▶ [WHAT YOU WILL DO]:
Restate word for word the lines below that run from the one holding "This monitor stand" through the one holding "Люстра норм. Все", inclusive. Pictures don't belong in the copy.

▶ [DATA EXTRACTS]:
┄┄┄┄┄┄┄┄┄┄┄┄┄┄┄┄┄┄┄┄

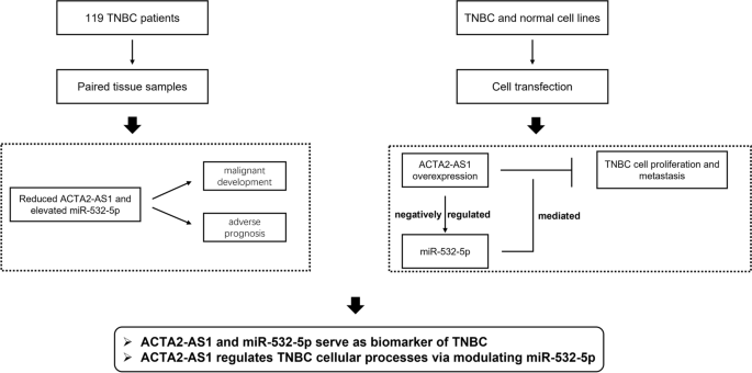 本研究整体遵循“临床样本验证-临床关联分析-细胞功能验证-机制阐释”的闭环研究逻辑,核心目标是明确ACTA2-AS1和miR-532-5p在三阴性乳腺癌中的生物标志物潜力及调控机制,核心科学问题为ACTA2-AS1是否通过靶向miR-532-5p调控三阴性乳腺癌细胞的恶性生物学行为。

┄┄┄┄┄┄┄┄┄┄┄┄┄┄┄┄┄┄┄┄

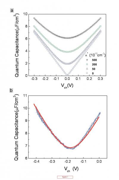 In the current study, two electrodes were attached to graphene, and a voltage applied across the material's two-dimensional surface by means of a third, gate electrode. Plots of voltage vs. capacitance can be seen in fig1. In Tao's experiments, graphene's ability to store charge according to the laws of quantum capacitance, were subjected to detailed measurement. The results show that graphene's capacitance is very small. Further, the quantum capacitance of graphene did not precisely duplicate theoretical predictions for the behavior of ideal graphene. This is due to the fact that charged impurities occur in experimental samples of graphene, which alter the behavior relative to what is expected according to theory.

┄┄┄┄┄┄┄┄┄┄┄┄┄┄┄┄┄┄┄┄

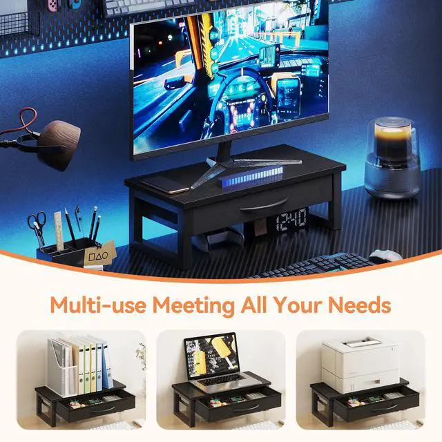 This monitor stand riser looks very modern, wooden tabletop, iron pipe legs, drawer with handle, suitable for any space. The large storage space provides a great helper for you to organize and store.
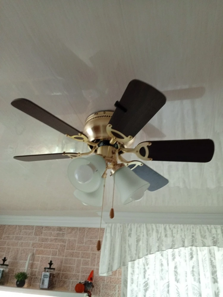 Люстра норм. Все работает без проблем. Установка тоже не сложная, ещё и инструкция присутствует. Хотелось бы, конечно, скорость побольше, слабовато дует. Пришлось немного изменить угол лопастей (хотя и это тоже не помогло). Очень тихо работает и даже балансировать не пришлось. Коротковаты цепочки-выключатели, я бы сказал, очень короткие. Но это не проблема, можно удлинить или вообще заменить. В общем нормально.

┄┄┄┄┄┄┄┄┄┄┄┄┄┄┄┄┄┄┄┄

▶ [ANSWER BELOW]:
 This monitor stand riser looks very modern, wooden tabletop, iron pipe legs, drawer with handle, suitable for any space. The large storage space provides a great helper for you to organize and store.
 Люстра норм. Все работает без проблем. Установка тоже не сложная, ещё и инструкция присутствует. Хотелось бы, конечно, скорость побольше, слабовато дует. Пришлось немного изменить угол лопастей (хотя и это тоже не помогло). Очень тихо работает и даже балансировать не пришлось. Коротковаты цепочки-выключатели, я бы сказал, очень короткие. Но это не проблема, можно удлинить или вообще заменить. В общем нормально.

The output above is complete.